Researchers have studied Rett syndrome, an autism spectrum disorder where linguistic, motor, and social skills slowly degrade, to examine the critical period. Rett syndrome is caused by mutations in MeCP2, a gene transcribing protein also responsible for regulating the activity of GABAergic neurons (neurons that use the neurotransmitter GABA to inhibit processes).

MeCP2 deficiencies enhance GABA activity, which has three effects: faster cell maturation, earlier onset of the critical period, and less neuronal encoding of visual experiences — a process critical to forming coherent mental images. The research also hypothesizes that subduing GAD67, a gene that increases GABA concentration in the body, may counteract the effects of faulty MeCP2 proteins. Do abnormalities in MeCP2 levels cause less regulation of GAD67 activity, or does regulation of GAD67 gradually slow down until GABA activity is no longer regulated and changes our neural circuitry?

Regardless of directionality, scientists have pinpointed the relevance of MeCP2-regulated neuron maturation to the timing of the visual critical period, possibly even in other sensory-motor, emotional behaviors. We see that experience is crucial to working vision and that regulating GAD67 transcription may be a possible gene therapy intervention to explore. We may not be able to reverse the clock just yet, but we do know some of the warning signs as the clock begins to tick faster, as well as what biological cycles play a role in its pace.

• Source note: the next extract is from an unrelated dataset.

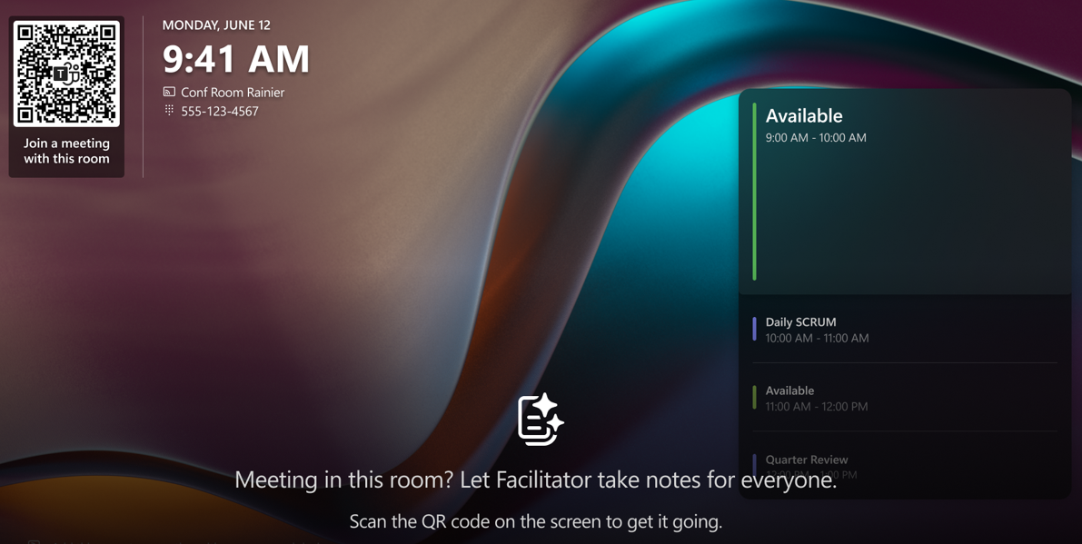 You can use the AI-powered Facilitator agent in Teams Rooms for real-time notes and action items during both scheduled, hybrid, and impromptu or ad hoc in-person meetings. In hybrid meetings, the agent appears in the notes panel. For in-person meetings, scan the QR code on the display to activate the agent as the group's assistant.

So whether or not giving your toddler alphabet apps to play with will make a monumental impact on the expression of GAD67, it is important for a child to engage in communication through practice and exposure. The critical period is not a concrete life sentence but an observed, approximate time frame during which children eagerly, perhaps even subconsciously, learn about and engage with the world around them. Every child has a unique, unpredictable journey through the passage of time and I eagerly await the moment when we learn to help the children fighting against time finally freeze the picture.

References:

Krishnan, Keerthi, et al. “MeCP2 Regulates the Timing of Critical Period Plasticity That Shapes Functional Connectivity in Primary Visual Cortex.” Proceedings of the National Academy of Sciences of the United States of America, vol. 112, no. 34, 2015, pp. E4782–E4791. JSTOR, JSTOR, www.jstor.org/stable/26464061.